After impasse with IBEW, Glendale City Council imposes pay cut on utility workers

More than 200 Glendale Water & Power employees and their union comrades packed City Hall Tuesday night to protest a contract that cuts their pay by 1.75%.

Despite the showing, the City Council — unable to reach a deal with the International Brotherhood of Electrical Workers Local 18, the union representing the utility workers — voted unanimously, with one abstention, to impose the contract, which also requires workers to temporarily pay more for their own health insurance.

[This post has been corrected, please see note below for details.]

The move comes after nearly two years of unsuccessful negotiations with the Los Angeles-based union, which that also represents water and power workers in Los Angeles and Burbank.

IBEW spokesman Gus Corona attributed the contract terms not to budget concerns, as Glendale officials cited, but to what he claimed was an anti-union philosophy.

“It’s more about busting the unions, that’s what it’s about,” Corona said, as IBEW members whistled and clapped.

Mike Sagehorn, a former Glendale Water & Power employee who left about nine months ago because he was upset with how the utility treated workers, said others will quit, too.

“You guys are going to lose more,” he said.

The contract, which takes effect May 16, will last through the fiscal year, which ends June 30, but will stay in effect until another contract is agreed upon, said city spokesman Tom Lorenz.

The union sent a counter-proposal to city officials Tuesday morning, but Ochoa said the contract was “insignificantly different” and didn’t merit consideration.

The City Council, meanwhile, defended the decision to impose terms, citing protracted negotiations and the need to tamp down on costs.

“The council did not come to this decision easily nor rashly,” said Glendale Councilman Ara Najarian. “It’s unfortunate that we were not able to come to an agreement.”

In addition to the pay cut, the contract requires utility workers to pay 75% of the increased costs for health insurance that took effect last June. It also bans strikes, walkouts, staged sick days and other work stoppages.

“This isn’t going to be the end, future negotiations will come with the IBEW,” Mayor Dave Weaver said. “As long as I’m a councilman here, I won’t be willing to give away the taxpayers’ money of this city to one group of employees at the expense of all others.”

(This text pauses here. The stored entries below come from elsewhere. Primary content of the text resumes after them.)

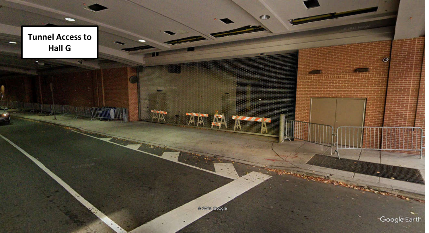
Tunnel Access to Hall G
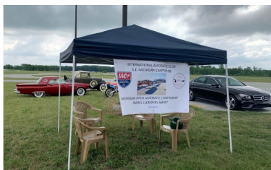
Low ceilings through mid afternoon
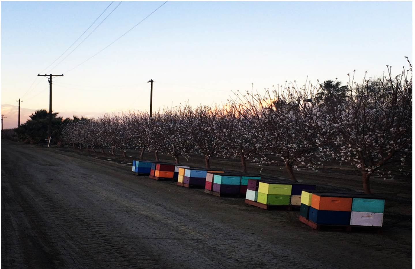
Almond fields in spring near Tranquility, CA
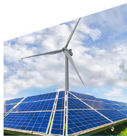
POWER & ENERGY INDUSTRY
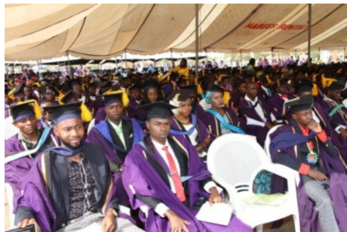
Cross section of graduating students
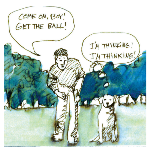
REPORTERS TEND TO RUN STRAIGHT FOR THE BALL while dogs take their time weighing the possible consequences of what might turn out to be an intellectual distraction.
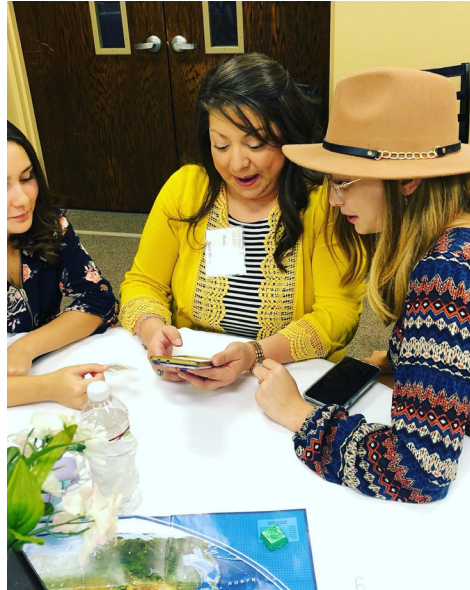
San Angelo Tech class.
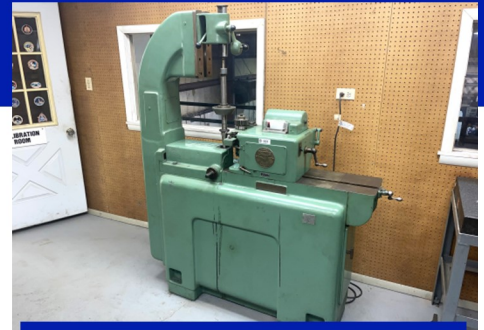
Fellows Redliner Gear Tester
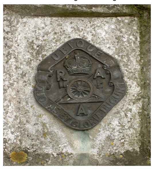
Royal Artillery Badge
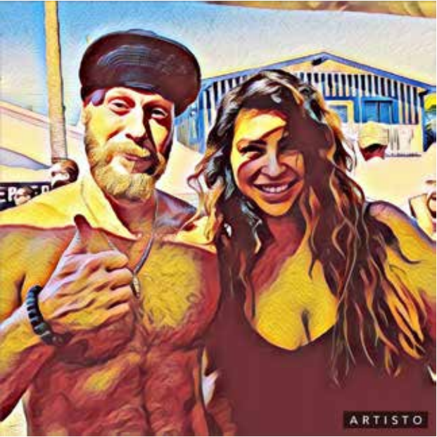
Cute couple eh? Where did I put their names?
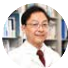
Director, Department of Urology
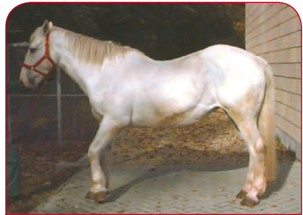
TYPICAL STANCE OF PONY SUFFERING FROM LAMINITIS
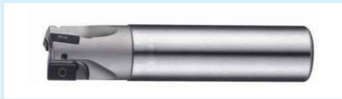
AP 直柄直角銑刀 Straight shank shoulder cutting Milling cutter
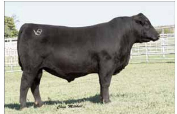
JMB Traction 292, service sire of Lots 11 and 12.

DVFC Spicy 802Z could easily be one of the top lots in the big time dispersal sale. She is a 40.5% Lim-Flex daughter of the elite Angus sire AAR Ten X 7008 SA, the big time son of MYTTY In Focus that just happens to be one of the hottest Angus bulls right now. She is from the top donor EXLR Sugar Spice 090U, the proven daughter of CLLL New Direction 394P.
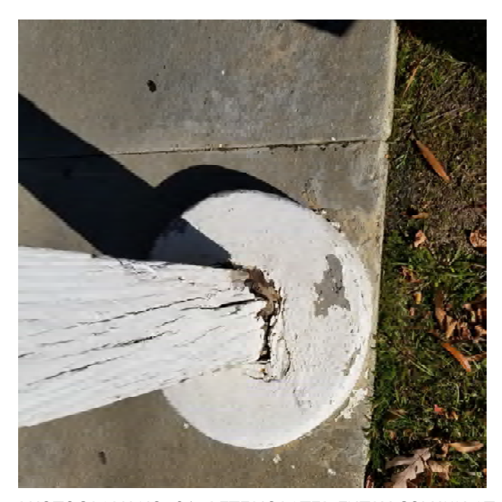
PHOTOGRAPH NO. 36: DETERIORATED ENTRY COLUMN AT BASE

Councilman Zareh Sinanyan abstained from the vote because he hadn’t been part of the years-long negotiations.

The IBEW filed a lawsuit in March asking a Los Angeles County Superior Court judge to order stakeholders to assign mediators to help resolve the contract dispute.

A court meeting on the matter in downtown Los Angeles is scheduled for next month, but neither City Atty. Mike Garcia nor union spokesman Martin Marrufo would comment on what the council’s decision this week means for the legal matter.

After the city agreed to allow IBEW to represent Glendale utility workers in 2011, both sides began to negotiate a new contract, but an agreement proved elusive. The city presented a final offer on March 29, 2012. It was rejected by union members soon after it was presented.

During negotiations, IBEW officials presented multi-year proposals seeking 4% cost-of-living raises retroactive to July 1, 2011 and enhancements in specialty pays. But city officials argued the terms would be excessive and unrealistic since other employee groups have not received similar adjustments, according to a city report.

The union dropped the 4% raise requirement after the two sides hit an impasse, but would not agree to paying 1.75% more toward pensions, Doyle said.

In all, the two sides presented at least 11 proposals during contract negotiations, according to a city report.

Tuesday marked the second time the City Council has enacted across-the-board pay cuts on employees.

In 2010, the council implemented a 1.5% pay decrease for rank-and-file employees via a seventh-month contract because their union, the Glendale City Employees Assn., would not contribute more towards pensions.

After the move, the union agreed to have its members give 1% more of their paychecks towards pensions, said Human Resources Director Matt Doyle. But the 1.5% pay cut continued without across-the-board raises.

City officials have been adjusting union contracts as revenues have dipped in recent years due to the protracted recession because employee costs, from healthcare to pension benefits, have increased in tandem, Doyle said.

IBEW members pay 8.5% of their paychecks towards their retirement benefits, while other employee groups pay up to 12.5%.

“Wage and benefit increases at this time would send the wrong message to our residents,” Doyle said.

[For the Record, May 8, 2013: An earlier version of this story incorrectly stated that a 1.5% pay cut imposed on Glendale City Employees Assn. members on Nov. 2, 2010 was temporary. While the seven-month contract was replaced with a new one effective July 1, 2011, the pay cut continued as the employee group has not received across-the-board raises.]